Greenbelt, MD--It was the partial vacuum of space that launched this patented design. NASA needed roller locking sprags, but the special lubricants required for in-orbit operation proved too slippery: standard 2-D sprags would not hold.
To increase the apparent coefficient of friction, John Vranish, a design engineer at NASA/Goddard Space Flight Center, turned his attention to a geometric solution. Two-dimensional sprags typically comprise a pair of semi-cylinders joined back-to-back, with cylinder centers slightly displaced from each other. Contact between each sprag and its inner and outer races describes a line on the perimeter of each semi-cylinder.
Three-dimensional sprags, in comparison, make four-point area contacts with their races in a way that effectively doubles the torque they can withstand.
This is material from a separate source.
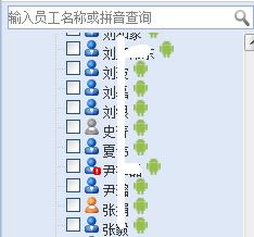 在弹出菜单中,你可以看到下图这样的菜单。其中蓝色的小人代表是定位状态正常的男性员工,橙色的小人代表定位状态正常的女性员工,灰色和中间有个感叹号的小人,代表定位状态不正常的员工。

They also introduce a wedging angle not found in 2-D geometries.
The new geometry, Vranish states, has been shown to increase the performance of roller locking devices about four-fold. As an example, he cites the use of 2-D sprag-type one-way clutches in the automatic transmissions of the auto industry.
"Installing 3-D sprags in these one-way clutches," Vranish says, "could increase torque by a factor of two, and halve the size at the same time. If volume remains constant, torque can be quadrupled."
Another potential benefit is longer life. Because their contact stresses are less, and because they have a natural lubrication path around the sprag due to the grooves in their races, 3-D sprag clutches should wear much better than conventional 2-D designs.
Additional details…Contact NASA Technology Transfer Program, Goddard Space Flight Center, Technology Utilization Office, c/o Dr. George Alcorn, Greenbelt, MD 20771, (301) 286-5810, or firstname.lastname@example.org.
While development of the 3-D sprag is still underway, a 3-D sprag-based replacement for hand ratchet tools in space--also developed at NASA's Goddard Space Flight Center--illustrates the technology's versatility.
Current ratcheting devices have limited indexability, established by the gear pitch which determines the movement required to set the ratchet's mechanical diode into the next tooth. Attempts to make a ratchet without the gear pitch limitation have failed. Reason? In order to withstand an increasing load with no slipping, designs using 2-D sprags would have to be much larger than current ratcheting devices.
Using a 3-D sprag mechanism gives an infinitely indexable ratcheting capability. Tests demonstrate that the NASA "Anti-Lash" reversible 3-D sprag socket wrench does not slip under load. Additionally, the wrench to be made the same size as a conventional socket wrench, yet provide impressive torque.